AlephConforma
Current protein structure prediction approaches include AI methods and template-based modeling, each with distinct tradeoffs in accuracy, interpretability, provenance, and computational cost and time. AlephConforma integrates both: it takes a protein's 3D structure - or, if none is provided, generates an AI-predicted structure from the input sequence (ESMFold; Lin et al., 2023) as a prior - and upgrades each domain with the best-matching experimentally determined structure from the Protein Data Bank (PDB), selected through systematic structural analysis and statistically principled template ranking. Each domain may draw from a different PDB entry, combining experimental evidence across the database for each domain. Domain regions with experimental templates trace back to specific PDB structures with full provenance; remaining regions retain the input structure or AI-generated scaffold.

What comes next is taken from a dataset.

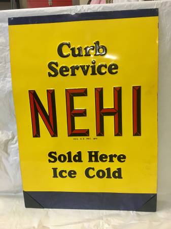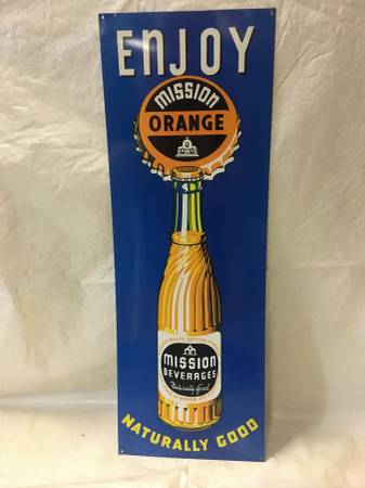 ++++++ Antique advertising signs; all are believed to be original vintage. All are tin except the last 3 listed. Nehi soda NOS; 20x27.5 $400 Butter-Nut Bread; vg; 27x13. Sold Mission Orange; excl;...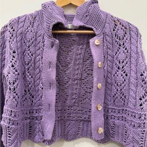 Chic lilac sweater by Zara. Features a cozy knit design. Ideal for layering.

For proteins with intra-domain conformational diversity - such as Class A GPCRs, kinases, and other multi-state families - AlephConforma identifies distinct conformational states within each domain and delivers a separate atomic-resolution model for each, capturing their structural diversity that underlies distinct functional states.
Each output includes the 3D structure with per-residue confidence scores, a provenance report identifying the experimental or AI-predicted origin of each region, and named conformational state labels where applicable - typically delivered in under a minute.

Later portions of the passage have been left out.